Les eaux territoriales du Kerala s’étendent jusqu’à 12 milles marins (environ 22 km) vers la mer, et les sites miniers proposés se situent juste en dehors de cette limite. « Mais les pêcheurs ne se contentent pas de pêcher à l’intérieur de cette frontière. Avec l’avènement des moteurs hors-bord chinois bon marché, les pêcheurs traditionnels pêchent maintenant jusqu’à 100 m de profondeur », a déclaré A Biju Kumar, professeur et chef du département.

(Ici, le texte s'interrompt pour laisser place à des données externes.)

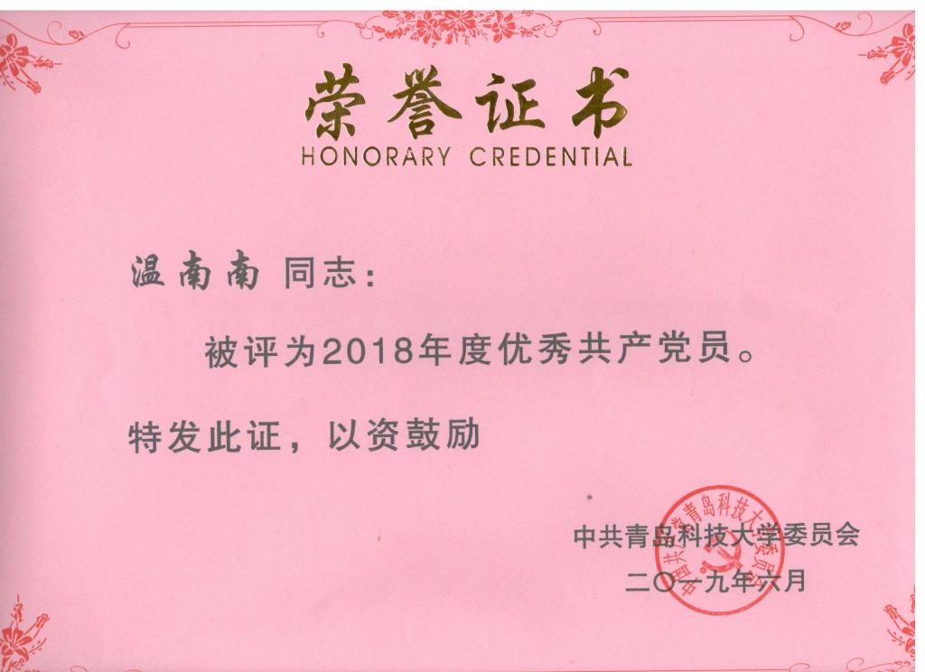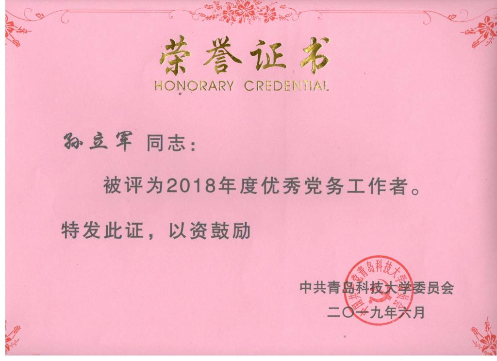 研究生第一党支部获2018年度“五好”示范先进党支部称号;孙立军获2018年度优秀党务工作者;付平(教师)获2018年度优秀共产党员;温南南(学生)获2018年度优秀共产党员称号。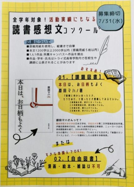 そんな生徒の皆さん、涼しい部屋の中で本を読んで、読書感想文コンクールに出てみませんか?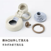 - 内びん⇒ステンレス鋼 胴部⇒ステンレス鋼(アクリル樹脂塗装) フタ・ループ・キャップ本体・飲み口⇒ポリプロピレン フタパッキン・シールパッキン・ボディリング・ソコカバー⇒シリコーンゴム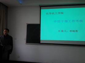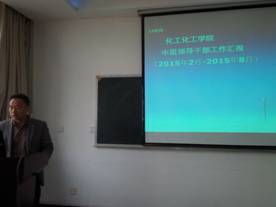 自从2013年5月以来,为了将学院的管理服务工作做得更完善,学院分设了院长助理、化学系主任、化工系主任等八个中层领导岗位,聘请了李学强、张晓光、晋晓勇等八位老师担任相关职位。本次会议八位中层领导以PPT方式从岗位职责、任期两年以来所做的具体工作以及工作中所面临的问题等方面做了详细的陈述总结。
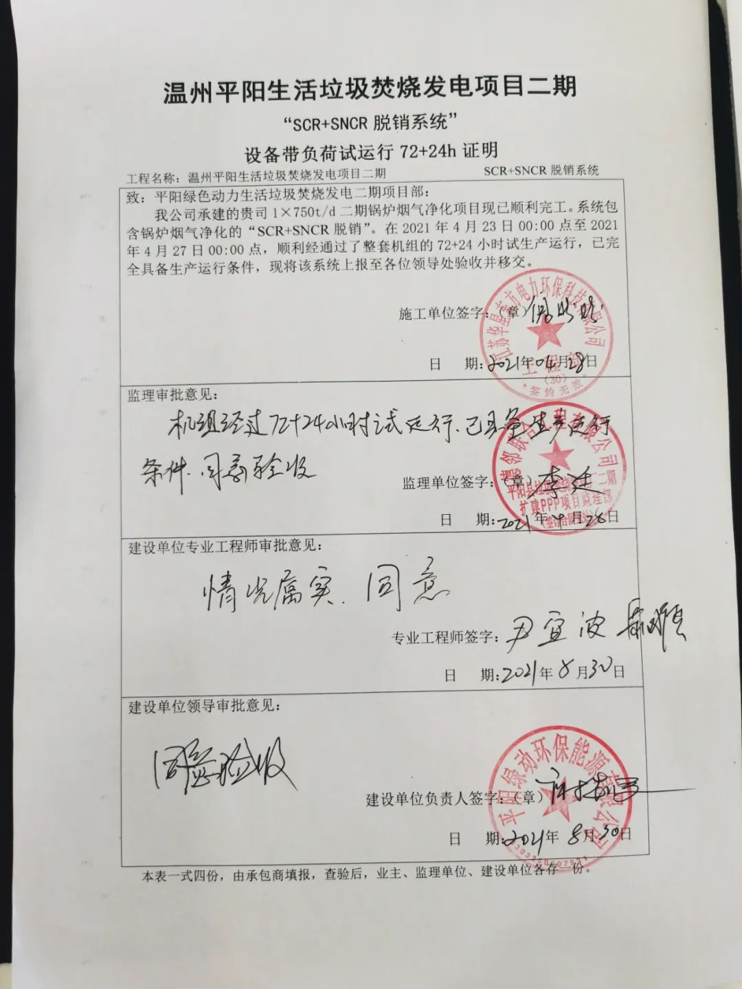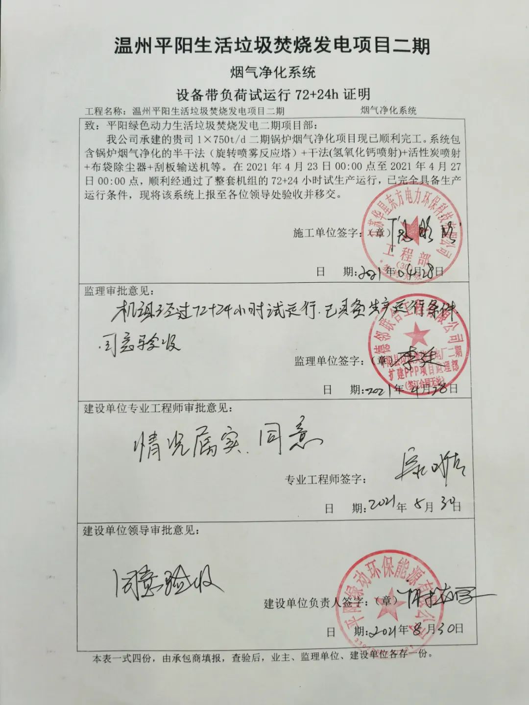 The FGC project undertaken by Huaxing for Pingyang Phase II WTE plant in Wenzhou, Zhejiang passed the 72 + 24 hours trial operation

Investissement dans les minéraux critiques
L’initiative d’exploitation minière offshore fait partie d’une mission nationale de minéraux critiques de 1,8 milliard de dollars sur sept ans annoncée par le gouvernement Modi en janvier. Les minéraux critiques sont les éléments constitutifs de la transition énergétique mondiale et sont considérés comme vitaux pour les objectifs d’émissions nettes nulles de l’Inde en 2070.

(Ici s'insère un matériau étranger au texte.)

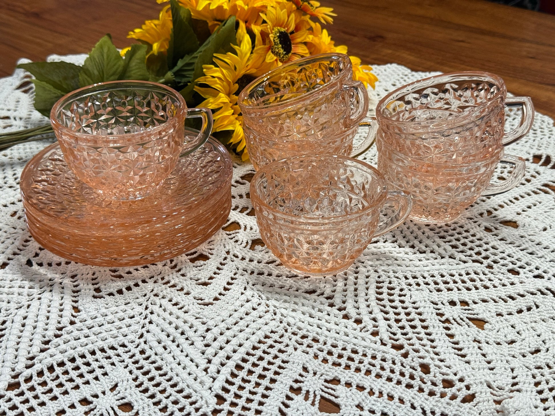 This is a lovely set of 6 vintage 1940/50s Teacup and Saucer set of Jeannette Depression Glass in the 'Holiday Buttons and Bows' pattern. A beautiful addition to your collection and or table/serving ware.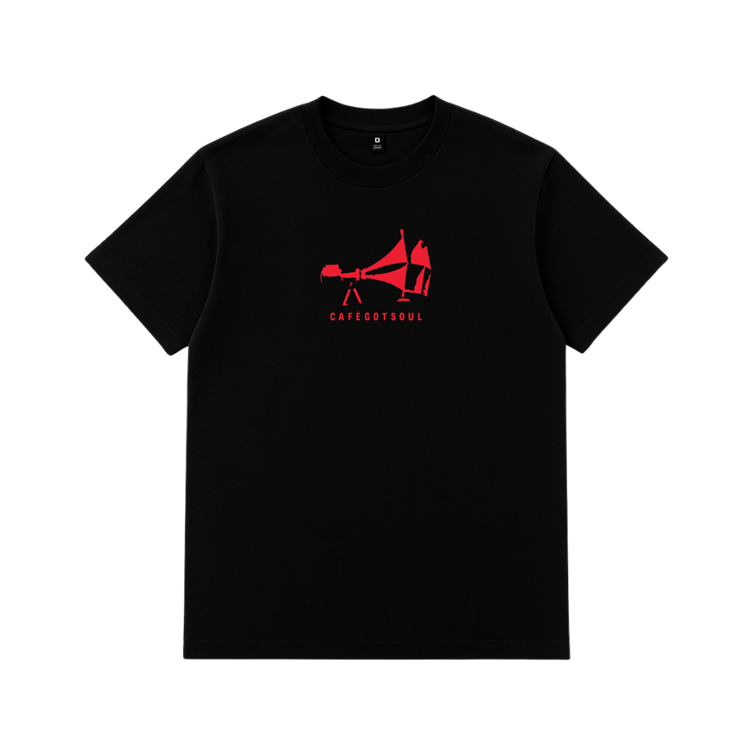 The Café Gotsoul brand amplifies music output with this sharp, sound system front graphic in red on a black essential tee - a cotton-blend, easy everyday wear. Captured on the back, a “Voice of Montreal” graphic pays tribute to a city’s community expression uniquely shaped by culture.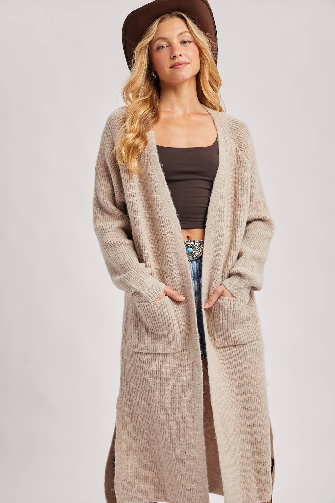 LONGLINE OPEN FRONT SIDE SLIT CARDIGAN: OATMEAL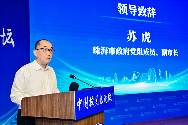 珠海市副市长苏虎出席论坛并致辞。苏虎在致辞中提到,珠海市委、市政府始终履行“办好人民满意的教育”的神圣使命,坚持教育优先发展,持续加大教育投入力度,深化教育领域综合改革,加快推进教育现代化,推动教育综合实力不断跃升。苏虎指出,中国校园长论坛是教育界的重要盛会,通过每期深度聚焦新时代教育改革发展的焦点、难点议题,不仅搭建了国内教育同仁高端研修平台,更创新构建了优秀教育经验的辐射机制,让卓越校园长的治校智慧、骨干教师的育人实践得以跨区域、跨学段传播,实现优质教育经验的“裂变式传递”,有力推动了教师队伍的专业化协同发展。

Plusieurs minéraux sont essentiels à la transition énergétique propre de l’Inde et à l’autosuffisance en matière de fabrication, principalement le lithium, le cobalt, le nickel et les terres rares. « Nous dépendons à 100 % des importations pour presque tous ces minéraux », a déclaré Ganesh Sivamani, chercheur associé au Centre pour le progrès social et économique basé à New Delhi.
Appel à un moratoire
Bien que le sable de construction ne soit pas répertorié comme un minéral critique, il demeure une ressource de plus en plus importante. « Cela va être le moteur de l’industrie de la construction en Inde, qui va connaître un énorme essor à mesure que l’urbanisation augmente », a-t-il ajouté. « Cependant, je crois qu’à ce stade, comme d’autres pays de l’Ouest et des nations insulaires, l’Inde devrait également imposer un moratoire sur l’exploitation minière offshore. »

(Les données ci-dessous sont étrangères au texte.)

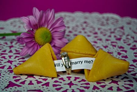 Diamond ring and marriage proposal in fortune cookie.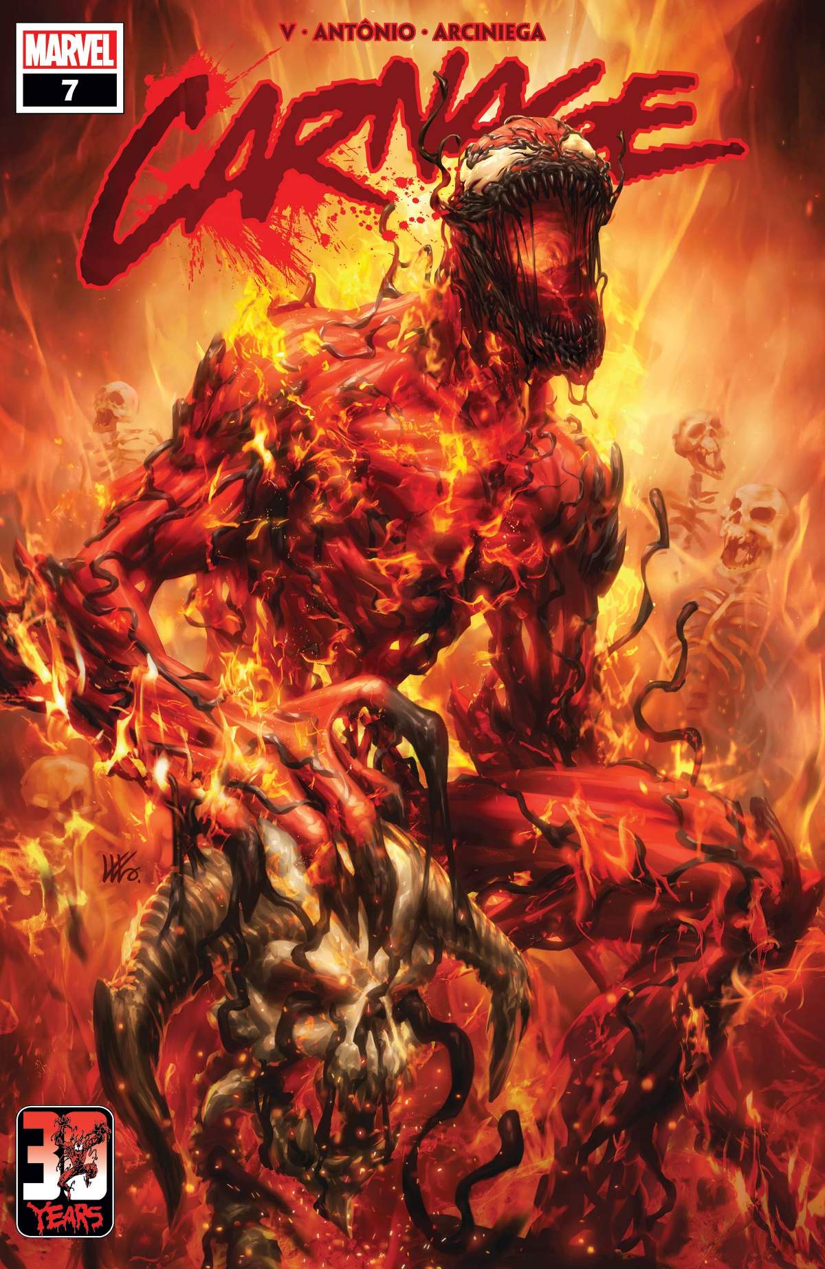 With violence and glory on its mind, the Carnage symbiote continues to carve a bloody path through the underworld with the singular goal of reaching Malekith the Accursed. But what does Carnage want with the disgraced lord of the Dark Elves, and what does it have to do with Venom and Eddie Brock?
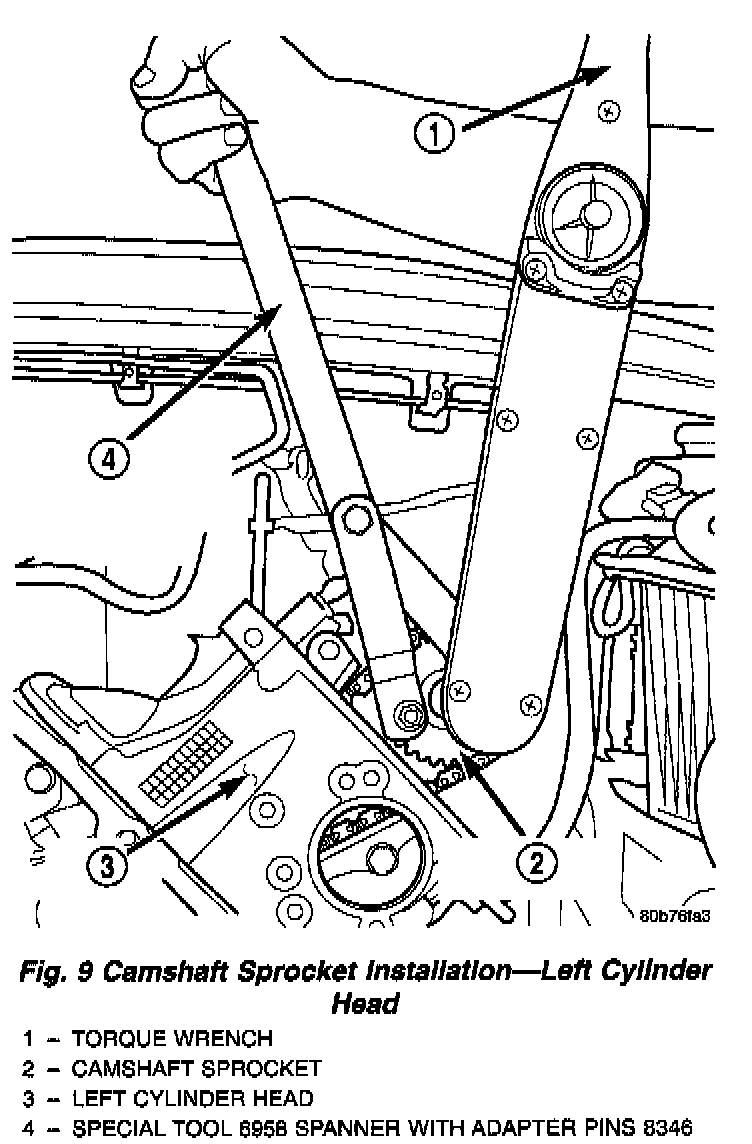 6. Position the camshaft drive gear onto the camshaft, remove oil from bolt then install the retaining bolt. Using Special Tools, Spanner Wrench 6958 with Adapter Pins 8346 and a suitable torque wrench, Tighten retaining bolt to 122 Nm (90 ft. Lbs.) (Fig. 9) (Fig. 10).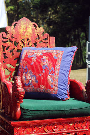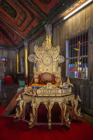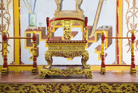 Close up of the sample of King Chair in the Forbidden City of the Imperial Royal Palace of Nguyen dynasty - a World Cultural Heritage site recognized by UNESCO.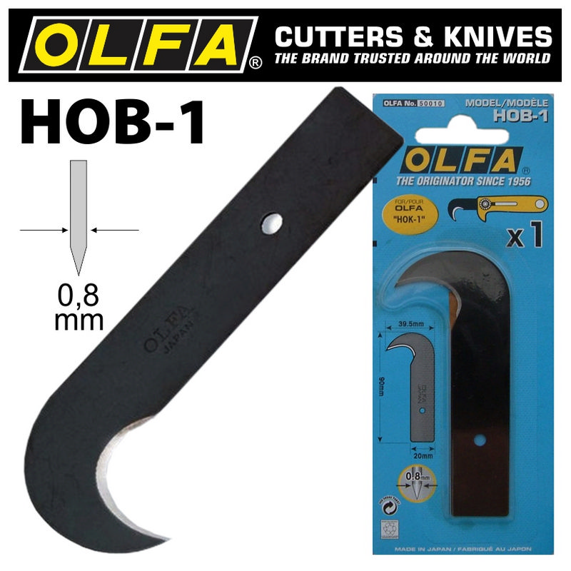 Olfa HOB-1 (20mm) Blade - Hook Format. The superior quality of the OLFA blade is the result of a step-by-step production process. Only the finest quality steel is selected for use.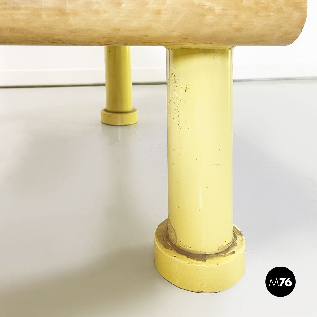 Sedia con seduta squadrata e schienale tondeggiante, imbottiti e rivestiti in velluto grigio. La struttura è composta da una parte in legno di radica e le quattro zampe a sezione tonda in metallo verniciato giallo.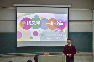 本报讯(记者 谭岳梅 屈佳雨)12月8日下午,长沙市岳麓区周南梅溪湖小学班主任李鑫海老师于润寰南201教室作题为“一路风景,一路收获”的关于班主任工作分享的专题讲座,覃青姣担任本次讲座主持,公司钟佩君副经理、学工办主任付淑敏老师带领马院大二全体员工出席讲座。

Pour l’instant, la communauté de pêcheurs du Kerala se prépare à un combat. Si le gouvernement Modi décide de poursuivre le plan d’exploitation minière offshore malgré l’opposition des pêcheurs, du gouvernement du Kerala et de scientifiques comme Biju Kumar, George a déclaré qu’il irait « à l’encontre des souhaits d’un État entier ».